Koda graduated from Pomona College with a bachelor’s degree in fine arts, then earned an MFA from the Art Institute of Chicago. She had a fellowship to make sculptures and other 3D artwork, spent time in Los Angeles and France, and considered trying to make a living as an artist, but she couldn’t stay away from the family farm. “I felt the draw of the land,” she says. Koda and her brother took over the business in the late 1990s. Living once again on the farm, she is the face of the business, sharing its story in countless interviews and making the trek to Santa Monica once a month to sell their rice at farmers markets.

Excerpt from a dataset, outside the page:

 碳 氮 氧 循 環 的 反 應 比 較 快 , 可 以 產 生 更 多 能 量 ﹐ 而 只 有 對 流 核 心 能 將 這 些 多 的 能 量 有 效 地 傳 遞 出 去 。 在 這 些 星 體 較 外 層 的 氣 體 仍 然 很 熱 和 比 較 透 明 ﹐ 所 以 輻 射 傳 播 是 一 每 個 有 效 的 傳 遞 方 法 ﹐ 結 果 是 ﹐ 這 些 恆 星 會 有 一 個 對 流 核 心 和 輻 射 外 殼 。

Koda’s father helped run the farm; her mother was a teacher. The family valued education, but opportunities were slim in the Central Valley. One summer, Koda attended camp at Santa Catalina and “realized how much I was missing an education.” She asked if she could enroll at Catalina during the school year and came on board as a junior. Knowing it was a financial stress on her parents to send her to Catalina, Koda focused on her studies. “I was committed to making honor roll; that would be a way for me to acknowledge how grateful I was,” she says. Catalina was a challenging but eye-opening experience. “I learned that women didn’t always have to compete with men on the superficial values present and reinforced in everyday culture. You had the freedom to be yourself, and all you had to do was apply yourself academically. It was an extremely supportive environment that let you explore your true values.”

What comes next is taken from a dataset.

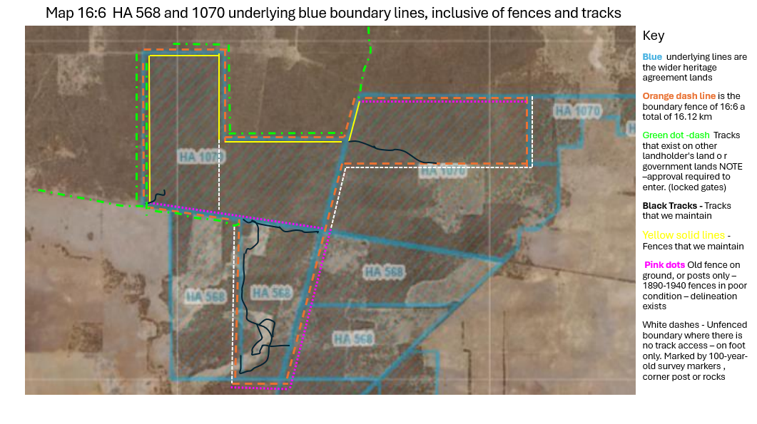 The image below illustrates the four sections of land that comprise the 16:6 Heritage agreement area, with the original blue section delineation. ( image from NatureMaps)

Koda said the farmers markets allow her to demonstrate how their rice differs from the majority of rice grown in California. “Unfortunately, a lot of rice has turned into a bland carbohydrate used as a vehicle for other ingredients. That’s not the focus of Japanese rice, which has so much significance in the culture and is appreciated on its own individual merit.” The heirloom variety of rice from Koda Farms, Kokuho Rose, is emblematic of this emphasis on quality. Growing this variety is truly a labor of love: It takes three years just to produce the seed, and the slow-maturing crop yields about a third less than contemporary grains. The result is rice that Koda describes as having a “slightly more floral bouquet.” Sold mainly in specialty stores, the rice is especially popular among Japanese Americans and is coveted by celebrity chefs and sushi aficionados.
Although Koda and her brother have made changes to the farm, including converting several hundred acres to organic production, the business continues to follow the model established by their grandfather almost a century ago. Koda sums it up: “As a small farm, we definitely feel the competition. But we’re trying to maintain our identity, our unique character. . . . This is about heritage and history.”